A certain preacher read from 6:9-11 where it says, “Do you not know that the wicked will not inherit the kingdom of God? Do not be deceived: Neither the sexually immoral nor idolaters nor adulterers nor male prostitutes nor homosexual offenders nor thieves nor thieves nor the greedy nor drunkards nor slanderers nor swindlers will inherit the kingdom of God. And that is what some of you were…”

Then he said, “This was the makeup of the church at Corinth. These people had come out of this sordid background. Many of them, perhaps, still were struggling with much of the aftermath in their lives of these evil things. I am curious as to how many of you here have some of these things in your background.” Then he went further, he said, “If any of you have anything like this in your background I’d like to ask you to stand where you are…that we might know how much we’re like the church at Corinth.” (Stedman) Eventually two thirds of the church stood up and a new Christian said to himself, “These are my kind of people.”

That is how we should feel when we read Corinthians. There is no other NT church that is more like the church in Canada today. It was a city of multiculturalism, of wealth and beauty, with potential for great things. But it was also a city dedicated to the worship of sex. Let us turn then to 1st Canadians and allow me to lead you into this letter.

“Paul, called to be an apostle of Christ Jesus by the will of God, and our brother Sosthenes.”

If you read Acts 18 about Paul’s time in Corinth you will find that Paul leads Crispus, the synagogue ruler to faith in Jesus.
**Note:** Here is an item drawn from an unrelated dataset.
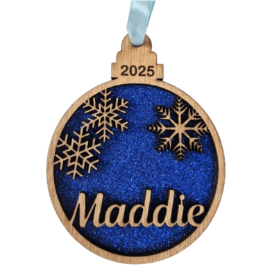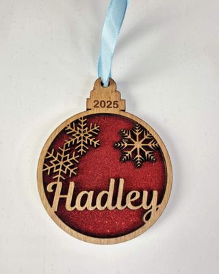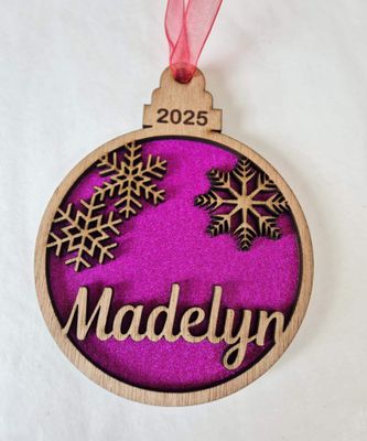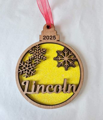 Double layer with glitter, Year, or birthdate engraved and name cut out.
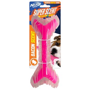NERF 9" Bacon Super Scent Bone Solid Core Dog Toy - Clear Pink

Then Sosthenes, the new synagogue ruler leads a mob to arrest Paul. They turn on Sosthenes and beat him to a pulp. The next thing we read about Sosthenes is that he is a believer in Christ. Strange how the Lord works.

“To the church of God in Corinth, to those sanctified in Christ Jesus and called to be holy, together with all those everywhere who call on the name of our Lord Jesus Christ – their Lord and ours: Grace and peace to you from God our Father and the Lord Jesus Christ.”

Paul writes this letter from Ephesus to the church he planted in Corinth five years earlier. It is a reply to a letter he received from the church with questions about faith and life. We don’t know what the questions were but it would be nice to know. Some College profs ask their students to write the letter that might have made it into Paul’s hands.